Society for Textual Scholarship Presentation
Last Thursday I gave a paper on “The Text of Tools” at the Society for Textual Scholarship annual conference in New York. I was part of a session on Digital Textuality with Steven E. Jones and Matthew Kirschenbaum. Steven gave a fascinating paper on “The Meaning of Video Games: A Textual Studies Approach” which looked at games as texts whose history of production and criticism can be studied, just as textual scholars study manuscripts and editions. He is proposing an alternative to the ludology vs. narrativity approaches to games – one that looks at their material production and reception.
Matt Kirschenbaum presented a paper titled “Shall These Bits Live?” (See the trip report with the same title.) that looked at preservation and access to games. He talked about his experience studying the Michael Joyce archives at the Harry Ransom Humanities Research Centre. He made the argument that what we should be preserving are the conditions of playing games, not necessarily the game code (the ROMs), or the machines. He pointed to projects like MANS (Media Art Notation System) – an attempt to document a game the way a score documents the conditions for recreating a performance. This reminds me of HyTime, the now defunct attempt to develop an SGML standard for hypermedia.
In my paper, “The Text of Tools” I presented a tour through the textuality of TAPoR that tried to show the ways texts are tools and tools are texts so that interpretation is always an analysis of what went before that produces a new text/tool.
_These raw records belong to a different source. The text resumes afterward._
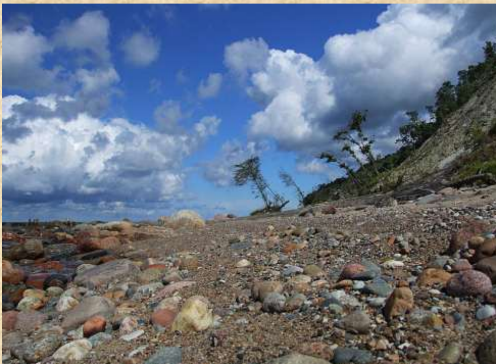
Морское побережье, пос.Лесное

Поселок Лесное (нем. название Варникен/Warnicken) - небольшое поселение, входящее в МО «Городское поселение поселок Приморье» Светлогорского района. Расположен в 6-7 км. от г. Светлогорска. На его территории находятся 33 жилых дома. Отсутствие каких-либо промышленных производств позволило сохранить до настоящего времени первозданную природную красоту и привлекательность.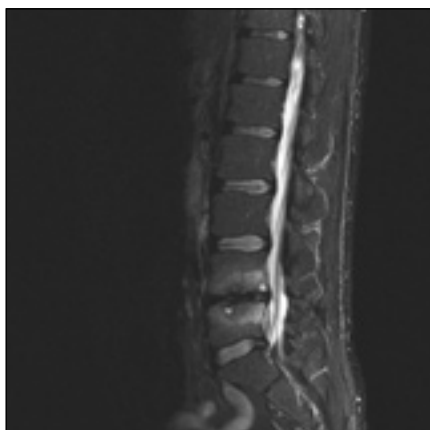
Obr. 3. MR 12 měsíců po operaci ALIF stand-alone (Visios) v prostoru L4/5 pro FBSS u stejného pacienta. Vyšetření ve STIR prokazuje výrazné Modicovy 1 změny (hyperintenzivní) a dokonce drobné hyperintenzivní cysty subchondrálně v obou obratlových tělech. Sagitální zobrazení ve střední čáře.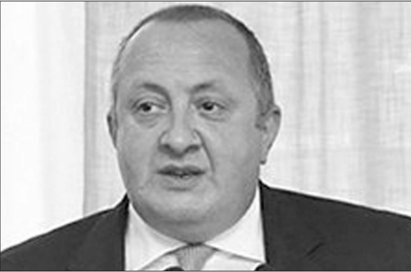
«Վրաստանի յուրաքանչյուր քաղաքացու եւ ինձ համար անընդունելի է ինքնիշխան տարածքում բաժանարար գծի յուրաքանչյուր նոր մետրը՝ հատկապես, երբ այդ գիծն անցնում է արտակարգ նշանակության»

Վրաստանը Ռուսաստանին մեղադրում է Յիսիմվալի տարածաշրջանում սահմանների տեղափոխման մեջ: Յիսիմվալի տարածաշրջանում սահմանի բաժանարար գծի տեղափոխմամբ դեպի վրացական Ճիթելուբանի, Խուրվալետի եւ Օրջոսանի գյուղերի տարածքների խորքերը, «Քաբու-Սուփսա» նախաձեռնության մի շարք հատվածներ (մոտ՝ 16 կիլոմետր) դուրս են մնացել Վրաստանի իշխանության վերահսկողության գոտուց: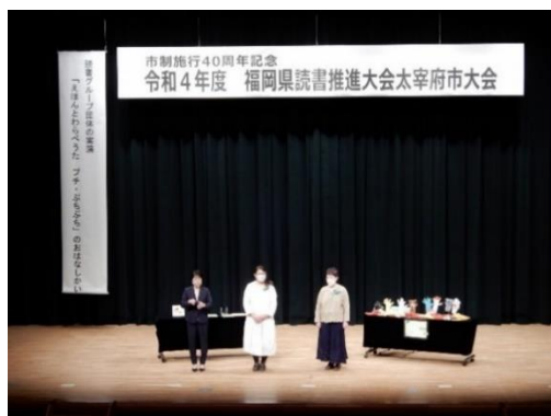
市制40周年記念 令和4年度福岡県 読書推進大会 太宰府市大会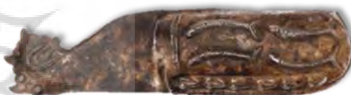
تصویر ۱۹- غلاف خنجر نقره، موزه ملی ایران.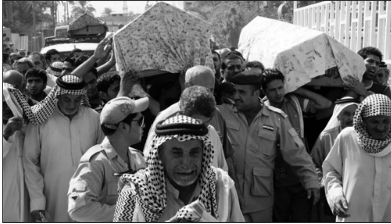
عراقيون يشيعون ضحايا أعمال عنف في بغداد الجمعة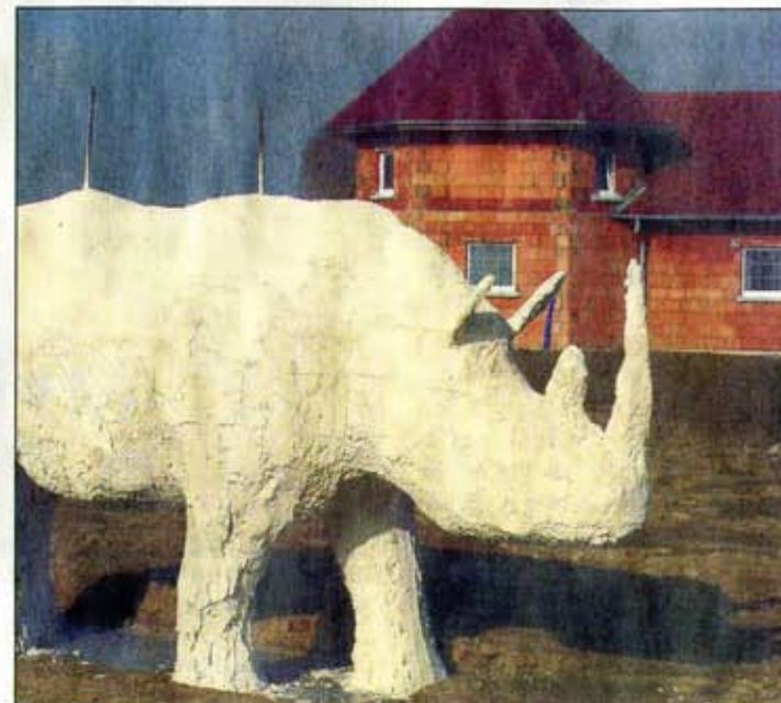
Un rhinocéros de trois tonnes est installé devant le Château du chat doré, à Bernwiller.

Les petites bêtes à poil pourront passer des vacances en toute quiétude au Château du chat doré, à Bernwiller. En effet, un gigantesque rhinocéros veille désormais sur la bâtisse et défie les intrus d'oser pénétrer la propriété.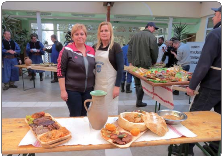
Tradicionalna „kolinjska“ jela podravskih Hrvata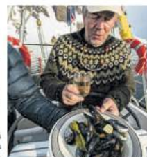
Kræklingur var á borðum síðasta kvöldið.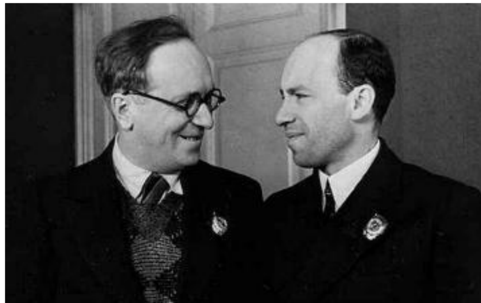
И. Дунаевский и В. Лебедев-Кумач.

Развитие музыки было связано с именами С. Прокофьева, Д. Шостаковича, Т. Хренникова, И. Дунаевского. Появились музыкальные коллективы - Большой симфонический оркестр, квартет им. Бетховена и т. д. При оценке творчества композиторов огромную роль играли вкусы вождей, поэтому жесткой критике подвергся Д. Шостакович. Своего расцвета достигло песенное творчество. Произведения И. Дунаевского, Б. Мокроусова, М. Блантера, братьев Покрасс знала вся страна.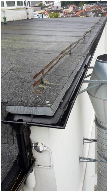
19 Snøfanger på nedre del av tårntak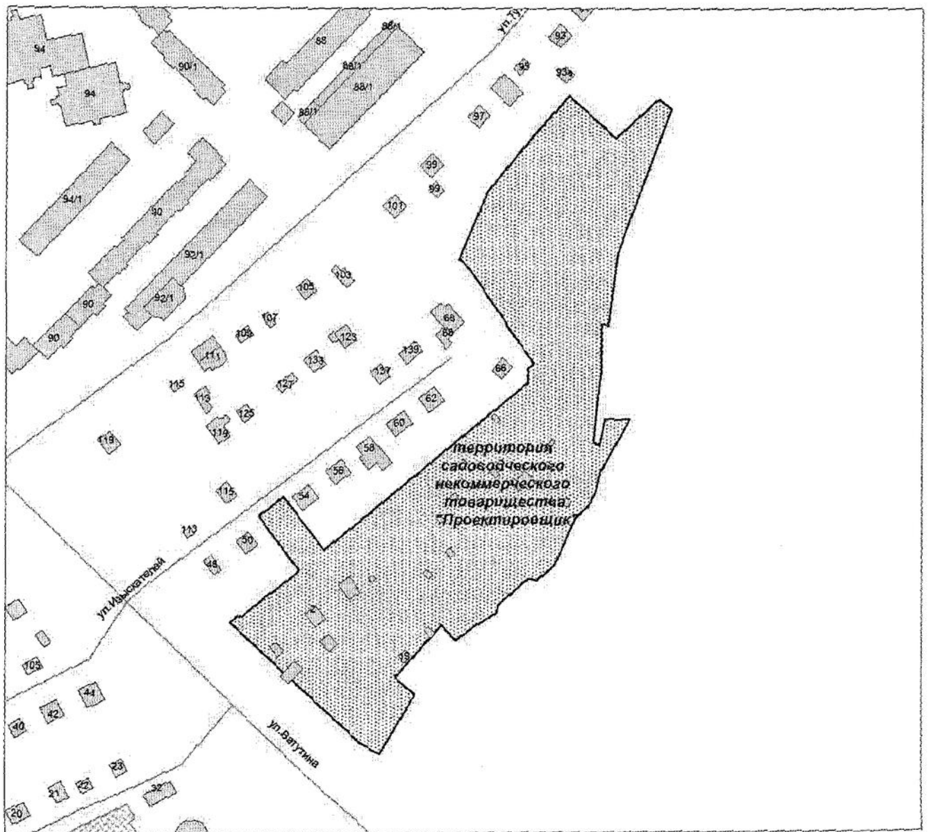
СХЕМА расположения территории садоводческого некоммерческого товарищества «Проектировщик» в Кировском районе города Новосибирска

Примечания: ———— — существующий элемент планировочной структуры, улично-дорожной сети; ————— — именуемый элемент улично-дорожной сети.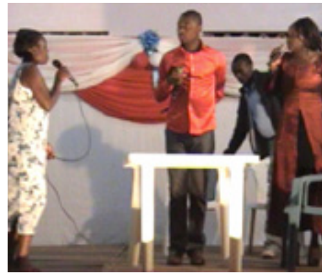
Actores muestran como la paz prevalece en el oeste de Uganda.

El drama esta compuesto de humor, sátira y suspenso, engañado a castigar a los males sociales y los conflictos, la promoción de las buenas costumbres y la transformación campeona hacia una sociedad pacífica. La obra pone de manifiesto la ironía de la vida en un ajuste local hasta que se caracteriza por conductas impropias de los caracteres individuales de un paquete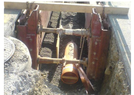
Schmutzabwasserleitung, eingebettet in Sohlen- und Hüllbeton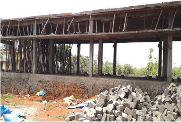
Construction of Additional Classrooms at Vempada Government High School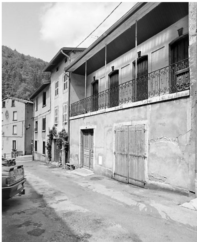
Corps de bâtiment 4 rue Traversière, de trois quarts droite.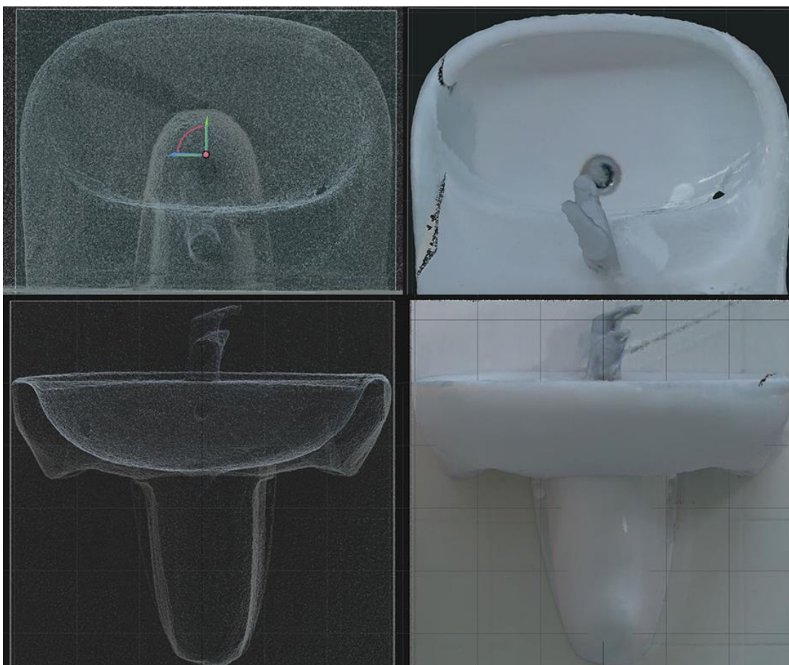
Obr. 2 - 3D model umyvadla včetně baterie, demonstrace výsledků skenování s využitím úpravy povrchů sublimačním zmatňujícím sprejem

Záměrem experimentu bylo ošetřit zmíněné části místnosti speciálním sublimačním sprejem, který pokryje povrch rovnoměrnou tenkou zmatňující vrstvou a tím umožní jeho nasnímání. Podobný sublimační nástřík lze ve větším měřítku nanášet s využitím airbrushové pistole. Využití zmatňujících nástříků je doporučováno zejména v kombinaci s metodami laserového skenování. Nevýhodou je znemožnění sejmání informací o textuře povrchu, ten je totiž opatřen sněhově bílou vrstvou. Rekonstrukce textury objektu byla uskutečněna pouze s využitím zdrojových snímků pořízených integrovanými HDR kamerami ToF laserového skeneru. V porovnání s původními modely K001 a K001F nebyly k rekonstrukci textury opravného modelu využity žádné další snímky. Experiment přinesl pozitivní výsledky, jelikož geometrie modelů byla rekonstruována v potřebné kvalitě pro využití v dalších procesech 3D rekonstrukce scénáře TČ ve VR.

Update. Matt has sent me a clarification regarding preserving the game code or machines,
I’d actually make a sharp distinction between preserving the code and the machines. The former is always necessary (though never sufficient); the latter is always desirable (at least in my view, though others at the Berkeley meeting would differ), but not always feasible and is expendable more often than we might think. I realize I may not have been as clear as I needed to be in my remarks, but the essential point was that the built materiality of a Turing computer is precisely that it is a machine engineered to render its own
artifactual dimension irrelevant. We do no favors to materiality of computation by ignoring this (which is what one of the questioners seemed to want).
tiddlyspot
I blogged before about TiddlyWiki the amazing selfcontained (HTML, CSS and JavaScript) wiki in a web page. I’ve now come across tiddlyspot where you can create a server based TiddlyWiki that can be private or public.
I’m convinced that between services like tiddlyspot, Ning.com, Blogger.com and Flckr.com you can create a robust distributed web presence without needing an ISP. Push your content out into the world.
Wikipedia: Book sources
The Wikipedia has a cool book source lookup tool that I just noticed. If you have a book with the ISBN of “9780304349616” you can create a link like this, The Cassell guide to punctuation which goes to “http://en.wikipedia.org/w/index.php?title=Special:Booksources&isbn=9780304349616”. This opens a page where you can find the book in most accessible card catalogues like Toronto Public Library. The system lets Wikipedia references be followed to local libraries where you could get the book. I should get into the habit of tagging references online this way.
TagCrowd
TagCrowd is a tool that lets you generate a word cloud from text typed in or uploaded. It has a nice clean interface. Unlike our TAPoRware Word Cloud tool the results are HTML so they can be easily integrated into a web page like this,
They have a long list of blacklists of words. I wonder where they came from. Thanks to Paola for this.